The ink was not even dry on the report on the sentencing hearing of former Macau Trade and Investment Promotion Institute (IPIM) President Jackson Chang, when the Commission Against Corruption (CCAC) more fraud cases connected to the department’s investment scheme were uncovered this week.
The three fraud cases involve the use of forged documents by mainland residents to apply for residency in Macau, a common thread for the months-long IPIM corruption trial, and the many shady residence permits that were provided through its investment and qualified personnel residence schemes.
The applications date back to the period between 2006 and 2007, with the permanent resident applications granted between 2014 and 2016, so before the internal audit conducted by the department after the Mediatic case involving its management was first revealed by the CCAC in 2018.
When confronted with the new cases, the new IPIM President Benson Lau Wai Meng made a very revealing statement when he told reporters this week, that the department was not tasked with investigating documents submitted by applicants but merely to process them.

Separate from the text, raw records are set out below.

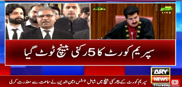 اے آر وائی نیوز کے مطابق پنجاب اور خیبر پختونخواہ صوبوں میں انتخابات کی تاریخ ملتوی کرنے کے خلاف درخواست پر سماعت کرنیوالے پانچ رکنی بینچ میں شامل جسٹس امین الدین نے مزید سماعت سے معذرت کر لی ہے جس کےبعد یہ بینچ ٹوٹ گیا ہے۔
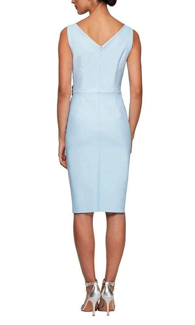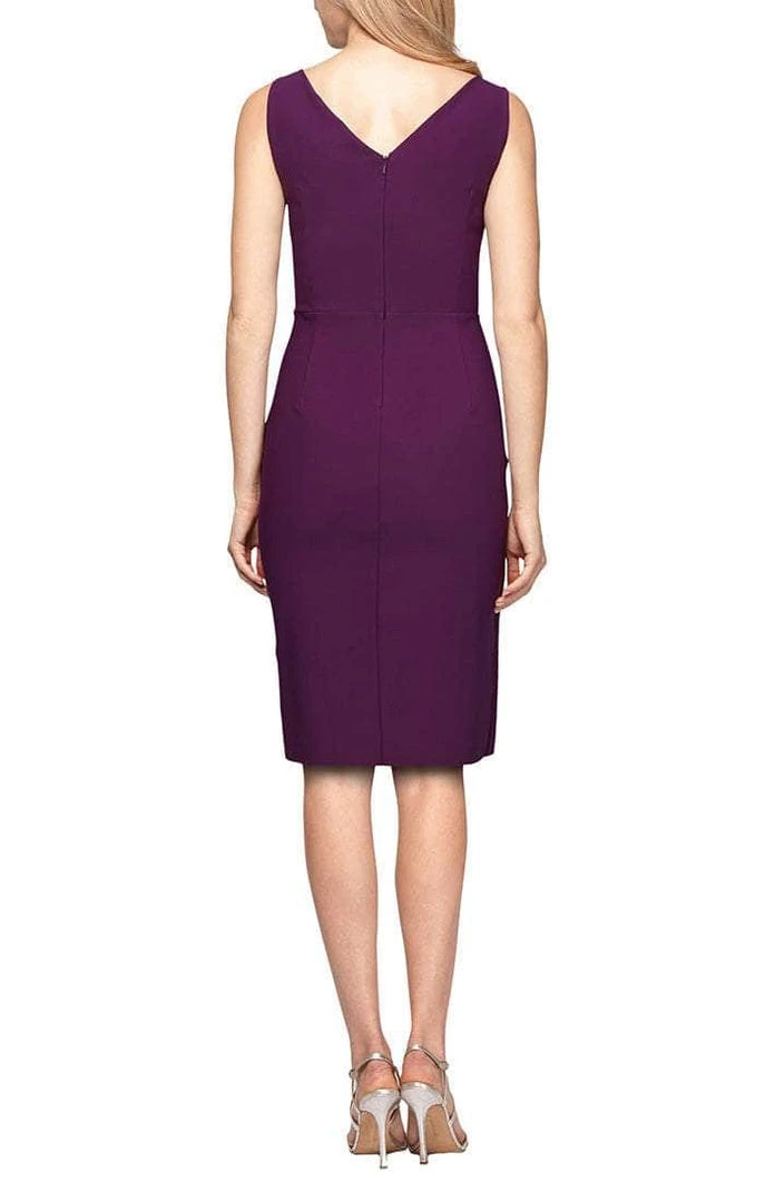 Make an extraordinary statement when you walk in this elegant cocktail dress by Alex Evenings 134005. The solid-toned scuba tank dress fashions a V neckline that leads the surplice bodice, with draped waist, beaded detail side accent, and wraps style sheath silhouette skirt. The v-shaped back has an invisible center zipper and a visible sculpting seam giving the dress that comfortable stylish fit. Flaunt your figure in this fabulous Alex Evenings design.
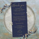 Menu Merci d'accueil de mariage Blue Gold Place Card

Does this mean business will continue as usual, with the CCAC just waiting outside to check out the new residence authorisations, and continue churning out investigation reports on fake real estate and company transactions by offending applicants?
If there is one thing the recent high profile trial revealed, is that the problem within the residence schemes provided by the department is a structural one, despite a seemingly large scale effort to blame some people as the “bad apples” that corrupted the whole system.
Jackson Chang was under pre-trial detention for one year and three months, and ended up acquitted of the major charges for power abuse, corruption and criminal association. In the end he received a two year sentence for reach of secrecy and inexact asset declaration, meaning that if no change comes from his appeal to the decision, he would likely only have to complete seven months in jail.
In recent remarks to the Hong Kong weekly magazine East Week, Chang expressed that his career has been “wrecked” and is hard not to agree with this assessment, since even if he was acquitted from the most serious charges, the whole affair has already tarnished his reputation, probably irreparably, just because of the fact he faced such accusations and the coverage the trial received.
Following all this, all eyes will be in IPIM in the future to assess if such fraudulent cases repeat themselves in the same volume we have seen from past CCAC reports.
The department’s internal review has already resulted in an extreme slowdown in procedures to renew already authorised residence permits and the approval of new ones, with not a single new permit granted in the first half of this year.
The whole process has thrown many people, who obtained their permits in a legitimate manner, into a limbo where they are not considered full residents until a decision is made on their renewal application.
The departments’ officials have so far avoided providing a timeline for when this internal audit process will progress, or even if the system will go back to past procedures.
Macau will need qualified personnel to complement and train the existing talent if it wants to go forward with some kind of economic diversification and recovery, and the only way to do that is to make itself attractive to qualified foreign talent.
IPIM will have to make sure the current investment and qualified work residence procedures are simplified in a way that still makes the city attractive enough for such talents, while at the same time making sure the previous dubious application cases are not repeated.
It’s a fine line, but following the traumatic events it experienced in the previous years, it will be the only way the department can regain its former reputation.